Papadopoulos, D., & Hossain, M. M. (2023). Education in the Age of Analytics: Maximizing Student Success Through Big Data-Driven Personalized Learning. Emerging Trends in Machine Intelligence and Big Data, 15(9), 20–36. Retrieved from http://orientreview.com/index.php/etmibd-journal/article/view/19

Abstract

This study explores the profound impact of data analytics on the educational landscape, unveiling the emergence of the Age of Analytics in the realm of education. It provides an in-depth analysis of personalized learning, emphasizing its role as a transformative educational paradigm that holds significant promise for enhancing student success. The integration of big data into personalized learning is a central focus of this paper. It demonstrates how data-driven approaches enable educational institutions to tailor content and experiences to individual students' needs, fostering higher levels of engagement, motivation, and overall achievement. By harnessing the power of data, educators gain the ability to gain real-time insights into student performance, adapt their teaching methods accordingly, and offer timely interventions to prevent students from falling behind.
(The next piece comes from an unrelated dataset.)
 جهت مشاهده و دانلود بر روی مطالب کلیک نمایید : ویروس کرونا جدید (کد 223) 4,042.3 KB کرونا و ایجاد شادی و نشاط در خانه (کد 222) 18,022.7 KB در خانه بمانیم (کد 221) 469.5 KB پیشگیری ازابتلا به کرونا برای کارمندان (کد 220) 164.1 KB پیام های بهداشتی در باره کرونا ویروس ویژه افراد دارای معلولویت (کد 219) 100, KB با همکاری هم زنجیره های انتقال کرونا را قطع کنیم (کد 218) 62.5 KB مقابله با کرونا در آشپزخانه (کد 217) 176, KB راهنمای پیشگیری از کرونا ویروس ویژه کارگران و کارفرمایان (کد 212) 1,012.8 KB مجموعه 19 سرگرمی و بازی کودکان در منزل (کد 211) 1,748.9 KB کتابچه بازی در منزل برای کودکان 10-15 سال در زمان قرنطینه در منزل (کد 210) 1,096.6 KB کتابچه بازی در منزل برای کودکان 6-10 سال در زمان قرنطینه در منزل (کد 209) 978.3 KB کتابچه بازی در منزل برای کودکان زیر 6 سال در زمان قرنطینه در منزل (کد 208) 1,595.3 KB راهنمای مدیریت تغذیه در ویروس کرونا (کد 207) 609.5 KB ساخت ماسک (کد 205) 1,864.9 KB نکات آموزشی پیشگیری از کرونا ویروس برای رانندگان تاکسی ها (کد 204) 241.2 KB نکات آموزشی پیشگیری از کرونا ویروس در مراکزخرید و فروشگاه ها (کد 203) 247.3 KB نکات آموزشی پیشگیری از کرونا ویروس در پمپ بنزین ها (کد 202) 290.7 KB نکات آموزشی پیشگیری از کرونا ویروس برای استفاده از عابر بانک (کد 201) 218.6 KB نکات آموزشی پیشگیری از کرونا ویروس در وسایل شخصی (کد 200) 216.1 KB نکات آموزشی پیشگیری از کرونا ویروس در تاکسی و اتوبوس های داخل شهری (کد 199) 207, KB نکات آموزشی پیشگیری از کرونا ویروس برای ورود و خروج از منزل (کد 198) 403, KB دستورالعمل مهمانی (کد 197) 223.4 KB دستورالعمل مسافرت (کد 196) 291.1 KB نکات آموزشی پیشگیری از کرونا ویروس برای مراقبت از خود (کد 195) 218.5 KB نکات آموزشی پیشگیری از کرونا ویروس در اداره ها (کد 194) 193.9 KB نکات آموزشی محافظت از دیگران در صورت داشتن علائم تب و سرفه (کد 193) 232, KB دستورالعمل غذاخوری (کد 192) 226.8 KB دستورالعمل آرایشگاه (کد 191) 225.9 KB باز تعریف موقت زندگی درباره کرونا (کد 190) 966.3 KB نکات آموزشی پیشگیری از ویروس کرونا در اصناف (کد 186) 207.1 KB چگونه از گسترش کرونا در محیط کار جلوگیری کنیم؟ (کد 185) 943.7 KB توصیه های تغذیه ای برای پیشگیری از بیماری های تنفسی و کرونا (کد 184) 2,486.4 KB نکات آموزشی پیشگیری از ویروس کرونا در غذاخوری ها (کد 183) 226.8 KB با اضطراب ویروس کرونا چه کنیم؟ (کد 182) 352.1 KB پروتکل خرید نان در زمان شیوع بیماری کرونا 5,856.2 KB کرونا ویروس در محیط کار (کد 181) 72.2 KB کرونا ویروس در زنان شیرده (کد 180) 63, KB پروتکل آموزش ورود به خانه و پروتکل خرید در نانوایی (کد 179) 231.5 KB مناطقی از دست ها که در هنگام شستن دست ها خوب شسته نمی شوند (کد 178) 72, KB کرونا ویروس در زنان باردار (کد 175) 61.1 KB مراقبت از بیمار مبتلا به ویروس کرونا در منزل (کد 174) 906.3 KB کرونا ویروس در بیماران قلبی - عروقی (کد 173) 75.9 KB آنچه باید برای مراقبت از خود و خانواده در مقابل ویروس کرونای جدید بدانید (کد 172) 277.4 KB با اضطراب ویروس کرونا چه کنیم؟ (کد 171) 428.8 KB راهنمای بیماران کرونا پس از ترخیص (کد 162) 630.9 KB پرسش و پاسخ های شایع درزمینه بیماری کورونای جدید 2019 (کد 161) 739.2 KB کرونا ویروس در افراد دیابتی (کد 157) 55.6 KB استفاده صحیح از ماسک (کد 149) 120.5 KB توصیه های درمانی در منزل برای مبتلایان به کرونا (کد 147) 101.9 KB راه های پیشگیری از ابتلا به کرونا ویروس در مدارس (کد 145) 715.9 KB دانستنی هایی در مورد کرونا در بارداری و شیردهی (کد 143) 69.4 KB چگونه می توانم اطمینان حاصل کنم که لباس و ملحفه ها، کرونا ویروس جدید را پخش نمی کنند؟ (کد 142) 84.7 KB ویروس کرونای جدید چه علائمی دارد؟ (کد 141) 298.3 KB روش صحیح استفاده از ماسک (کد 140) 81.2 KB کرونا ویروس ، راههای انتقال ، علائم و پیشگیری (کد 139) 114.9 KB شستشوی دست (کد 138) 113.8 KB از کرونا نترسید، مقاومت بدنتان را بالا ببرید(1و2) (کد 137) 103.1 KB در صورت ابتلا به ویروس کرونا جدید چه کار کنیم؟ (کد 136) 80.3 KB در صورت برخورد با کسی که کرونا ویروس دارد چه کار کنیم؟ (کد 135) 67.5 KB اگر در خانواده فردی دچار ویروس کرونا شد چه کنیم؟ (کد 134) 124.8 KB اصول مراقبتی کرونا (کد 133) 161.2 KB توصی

While the prospects of data-driven personalized learning are promising, ethical and practical challenges must be addressed. The paper explores the critical issues of privacy and security, emphasizing the need for stringent data protection measures and transparent governance frameworks. Additionally, it highlights the necessity of robust technological infrastructure to support the effective collection, analysis, and utilization of educational data. Looking forward, the paper provides insights into the future of education in the Age of Analytics. It envisions an educational landscape characterized by increasingly sophisticated personalized learning models, early warning systems to identify at-risk students, and evidence-based decision-making processes. The paper also acknowledges the importance of addressing the digital divide to ensure equitable access to data-driven educational resources.